:: TASK REQUIREMENTS ::
Using the records that follow, reproduce exactly the lines starting at the line containing "6年生の呼びかけで、 全校でリズムダンス" and ending at the line containing "Ich wünsche allen". Include both end lines and no pictures.

:: ENTRIES PROVIDED ::

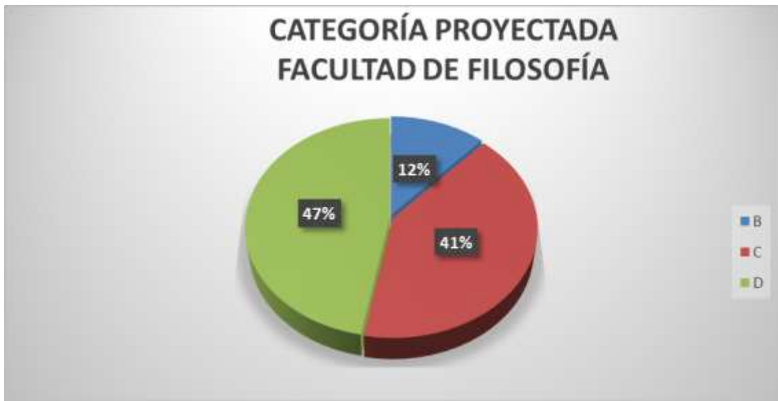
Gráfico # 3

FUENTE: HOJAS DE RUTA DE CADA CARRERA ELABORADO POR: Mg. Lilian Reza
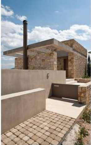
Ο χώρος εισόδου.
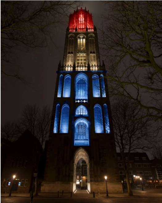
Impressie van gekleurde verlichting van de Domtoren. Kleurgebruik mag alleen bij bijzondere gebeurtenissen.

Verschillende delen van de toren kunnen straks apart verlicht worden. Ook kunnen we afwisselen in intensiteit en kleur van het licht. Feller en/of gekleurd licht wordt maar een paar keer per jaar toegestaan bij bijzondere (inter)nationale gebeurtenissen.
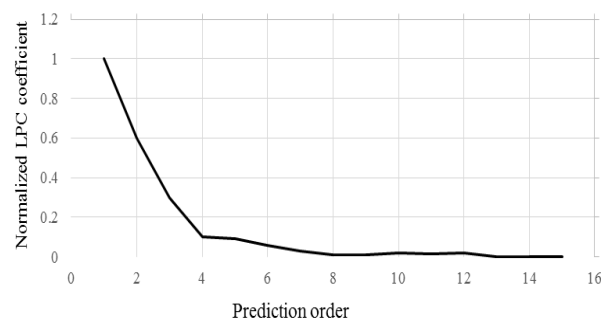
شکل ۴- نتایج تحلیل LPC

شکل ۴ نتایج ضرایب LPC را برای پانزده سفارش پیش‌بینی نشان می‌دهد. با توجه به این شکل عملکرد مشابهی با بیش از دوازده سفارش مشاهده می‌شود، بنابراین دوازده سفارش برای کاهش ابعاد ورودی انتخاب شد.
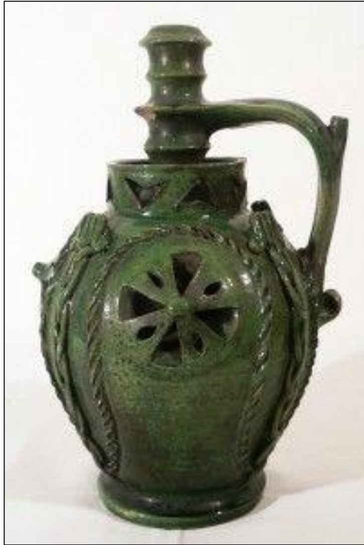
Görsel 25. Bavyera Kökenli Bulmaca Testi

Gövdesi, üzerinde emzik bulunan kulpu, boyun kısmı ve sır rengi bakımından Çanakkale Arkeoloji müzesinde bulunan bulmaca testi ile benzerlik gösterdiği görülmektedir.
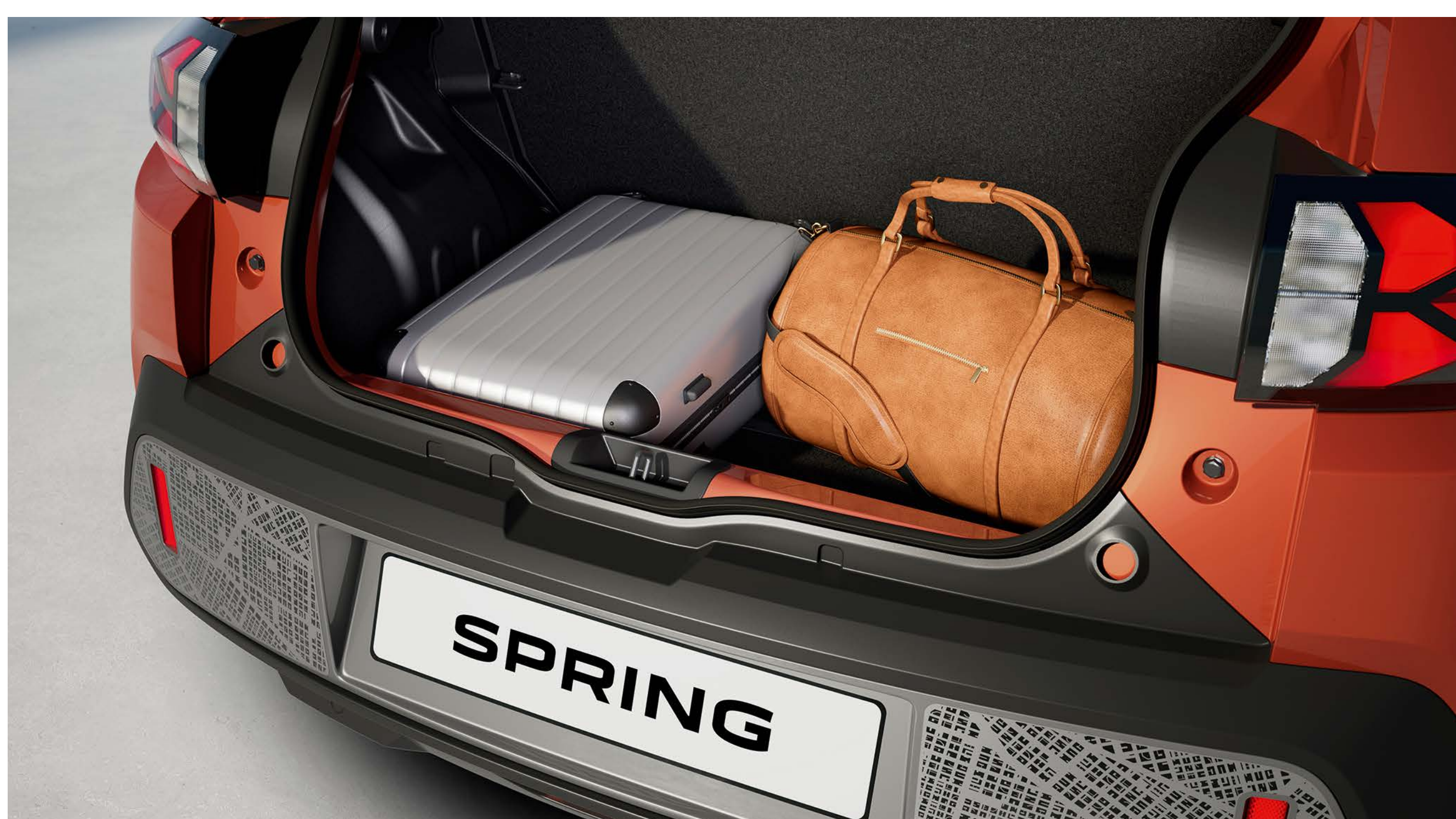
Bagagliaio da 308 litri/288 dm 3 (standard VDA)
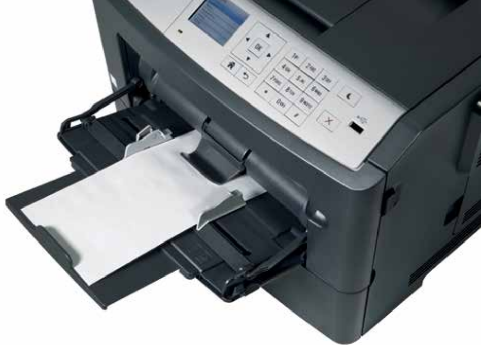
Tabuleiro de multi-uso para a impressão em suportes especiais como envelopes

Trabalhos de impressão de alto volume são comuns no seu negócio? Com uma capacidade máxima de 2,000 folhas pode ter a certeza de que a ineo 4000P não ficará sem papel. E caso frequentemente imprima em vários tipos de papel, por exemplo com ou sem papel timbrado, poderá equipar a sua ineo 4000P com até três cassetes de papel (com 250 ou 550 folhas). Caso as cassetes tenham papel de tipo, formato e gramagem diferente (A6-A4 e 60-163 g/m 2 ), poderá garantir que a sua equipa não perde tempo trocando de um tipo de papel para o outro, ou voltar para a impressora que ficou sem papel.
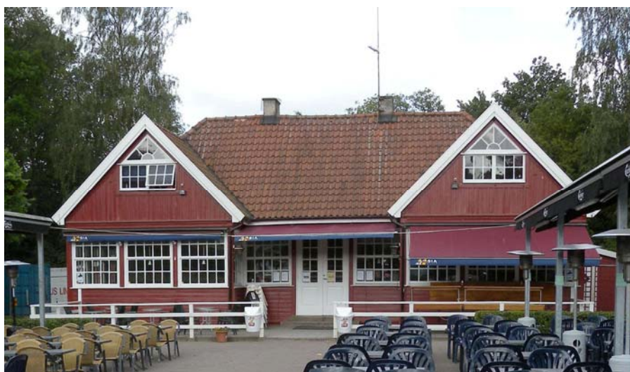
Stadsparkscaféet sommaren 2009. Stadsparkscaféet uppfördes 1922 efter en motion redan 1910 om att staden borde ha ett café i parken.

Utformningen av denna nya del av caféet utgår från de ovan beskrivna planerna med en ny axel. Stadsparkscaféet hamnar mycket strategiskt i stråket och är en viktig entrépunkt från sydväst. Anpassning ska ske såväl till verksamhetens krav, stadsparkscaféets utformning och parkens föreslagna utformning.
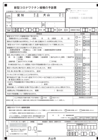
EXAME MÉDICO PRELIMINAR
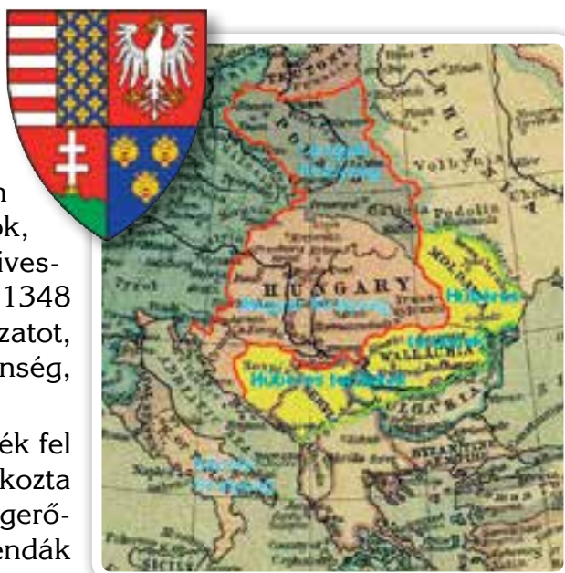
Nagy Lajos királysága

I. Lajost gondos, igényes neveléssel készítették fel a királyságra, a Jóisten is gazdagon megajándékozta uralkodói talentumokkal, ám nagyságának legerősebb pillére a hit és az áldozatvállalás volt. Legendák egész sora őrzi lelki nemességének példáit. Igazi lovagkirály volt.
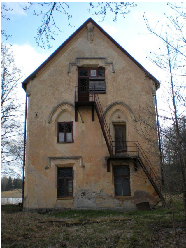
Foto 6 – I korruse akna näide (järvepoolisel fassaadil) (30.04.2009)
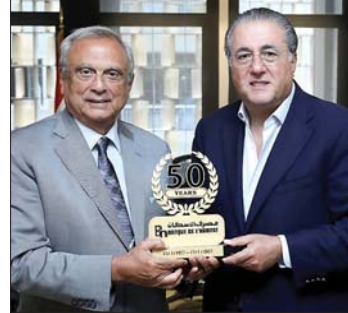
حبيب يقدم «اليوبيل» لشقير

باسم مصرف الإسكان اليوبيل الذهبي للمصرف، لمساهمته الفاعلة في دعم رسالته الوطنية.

---

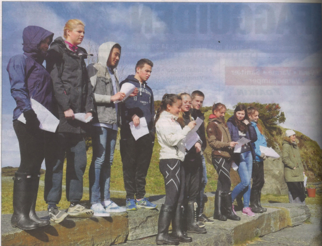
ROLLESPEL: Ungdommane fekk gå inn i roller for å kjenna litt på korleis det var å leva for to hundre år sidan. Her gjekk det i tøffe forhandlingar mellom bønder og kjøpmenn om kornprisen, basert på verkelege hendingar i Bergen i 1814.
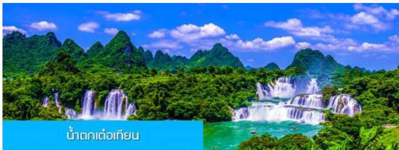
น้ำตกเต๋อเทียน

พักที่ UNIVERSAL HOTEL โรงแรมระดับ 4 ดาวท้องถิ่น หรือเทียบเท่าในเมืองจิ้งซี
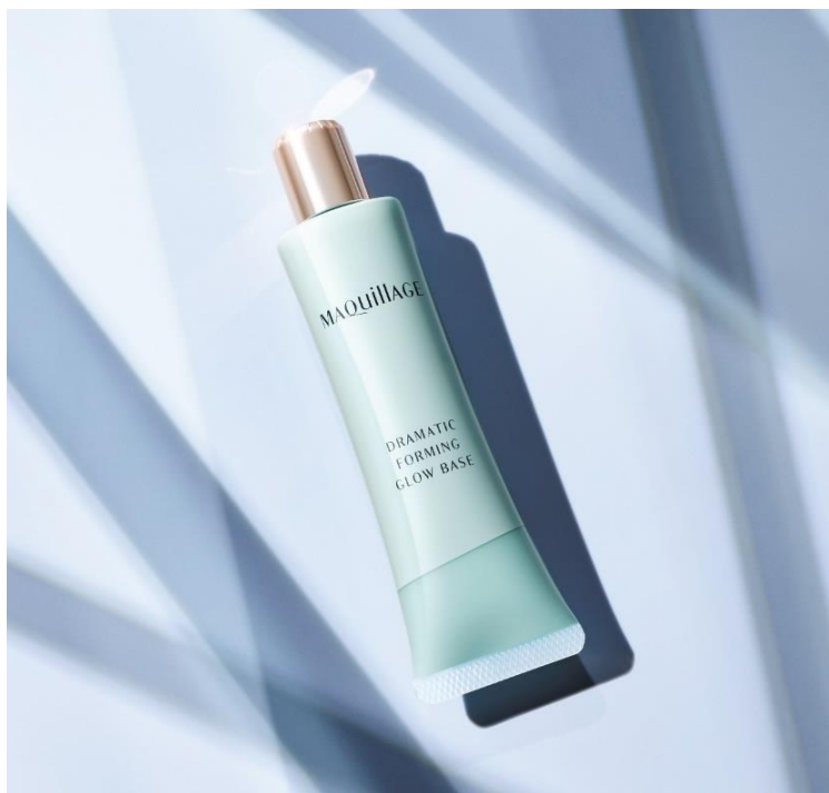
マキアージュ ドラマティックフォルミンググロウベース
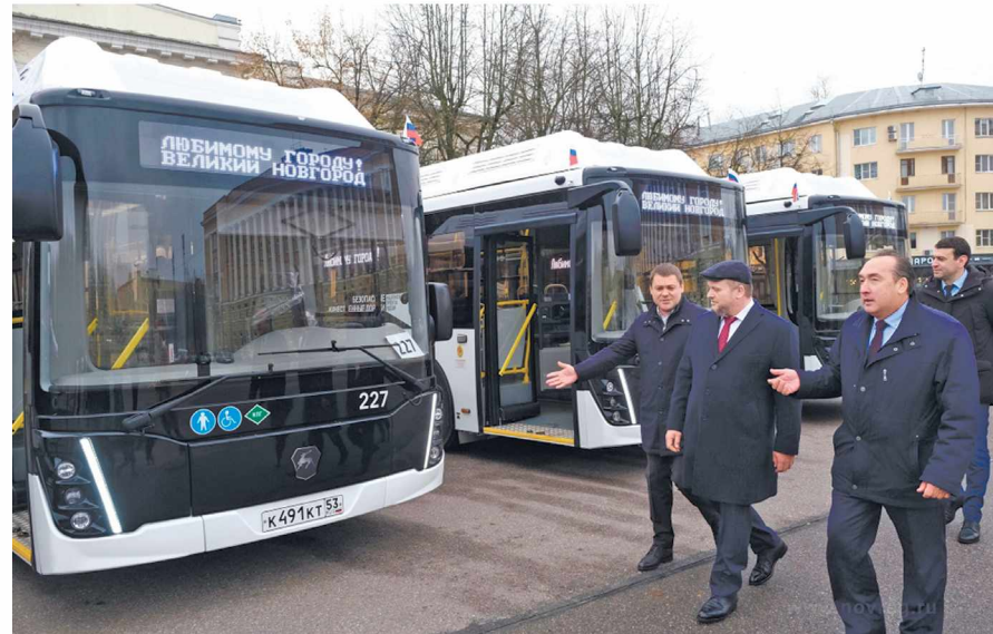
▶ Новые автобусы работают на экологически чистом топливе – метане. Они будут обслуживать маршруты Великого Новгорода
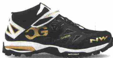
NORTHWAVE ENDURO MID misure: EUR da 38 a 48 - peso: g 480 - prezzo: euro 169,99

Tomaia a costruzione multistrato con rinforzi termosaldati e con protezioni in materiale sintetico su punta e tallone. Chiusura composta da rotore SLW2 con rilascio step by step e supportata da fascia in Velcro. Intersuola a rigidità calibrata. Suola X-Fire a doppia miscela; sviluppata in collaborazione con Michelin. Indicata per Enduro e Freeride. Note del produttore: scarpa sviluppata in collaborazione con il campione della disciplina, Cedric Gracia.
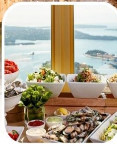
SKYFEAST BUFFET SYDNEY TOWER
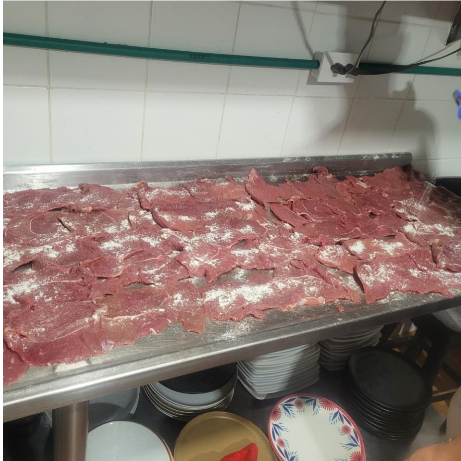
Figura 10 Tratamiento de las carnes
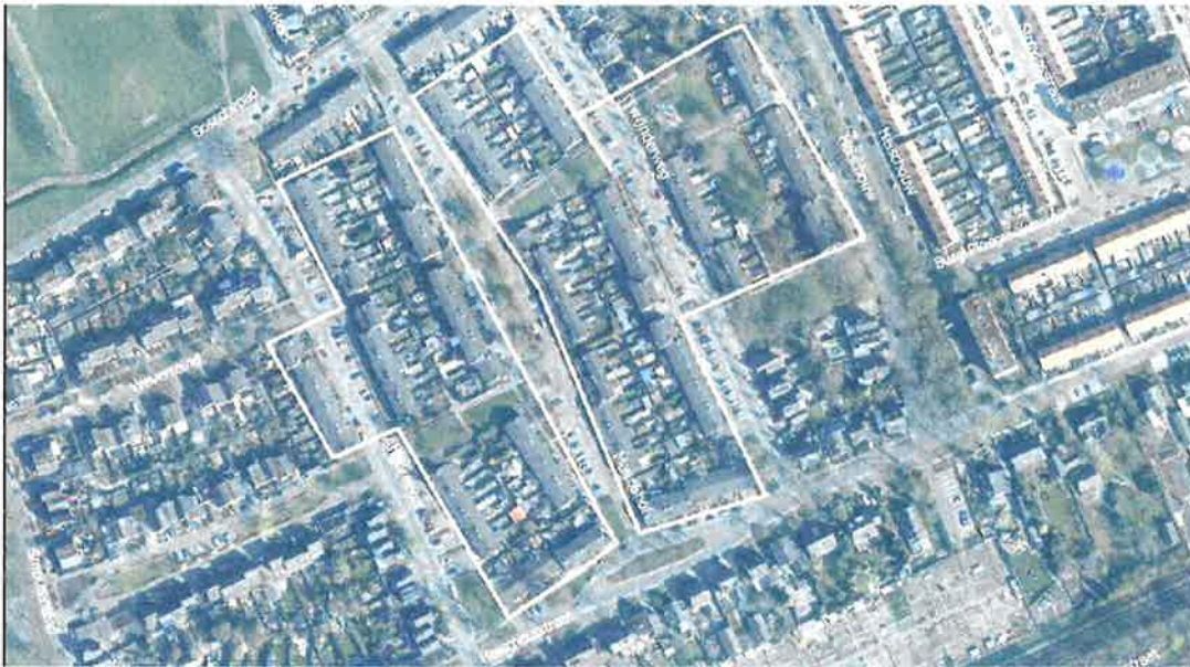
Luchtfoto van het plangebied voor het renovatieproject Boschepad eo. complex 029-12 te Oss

---

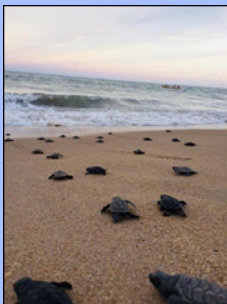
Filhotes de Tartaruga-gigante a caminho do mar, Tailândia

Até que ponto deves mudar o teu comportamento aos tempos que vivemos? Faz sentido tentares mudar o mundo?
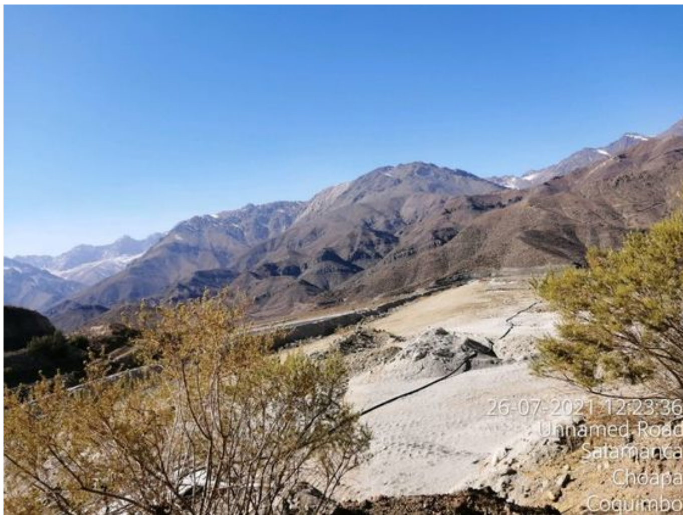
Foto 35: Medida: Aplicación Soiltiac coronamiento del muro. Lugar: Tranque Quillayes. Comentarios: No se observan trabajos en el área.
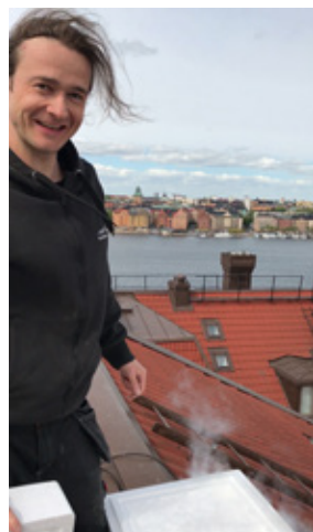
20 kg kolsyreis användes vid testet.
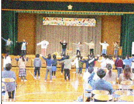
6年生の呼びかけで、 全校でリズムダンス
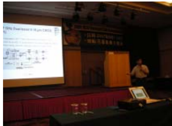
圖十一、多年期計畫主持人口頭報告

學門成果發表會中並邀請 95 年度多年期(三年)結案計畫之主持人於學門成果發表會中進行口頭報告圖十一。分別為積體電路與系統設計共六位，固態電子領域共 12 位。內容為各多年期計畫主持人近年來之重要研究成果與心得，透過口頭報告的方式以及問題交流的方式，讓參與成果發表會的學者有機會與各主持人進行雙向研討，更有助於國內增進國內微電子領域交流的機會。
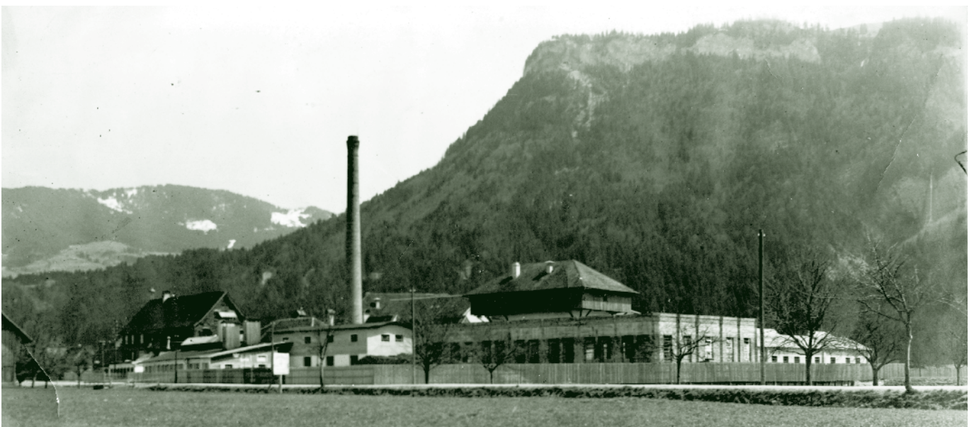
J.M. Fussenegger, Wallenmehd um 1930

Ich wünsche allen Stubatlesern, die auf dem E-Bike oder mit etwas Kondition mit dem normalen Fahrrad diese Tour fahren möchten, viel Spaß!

:: ANSWER BOX ::
6年生の呼びかけで、 全校でリズムダンス
圖十一、多年期計畫主持人口頭報告

學門成果發表會中並邀請 95 年度多年期(三年)結案計畫之主持人於學門成果發表會中進行口頭報告圖十一。分別為積體電路與系統設計共六位，固態電子領域共 12 位。內容為各多年期計畫主持人近年來之重要研究成果與心得，透過口頭報告的方式以及問題交流的方式，讓參與成果發表會的學者有機會與各主持人進行雙向研討，更有助於國內增進國內微電子領域交流的機會。
J.M. Fussenegger, Wallenmehd um 1930

Ich wünsche allen Stubatlesern, die auf dem E-Bike oder mit etwas Kondition mit dem normalen Fahrrad diese Tour fahren möchten, viel Spaß!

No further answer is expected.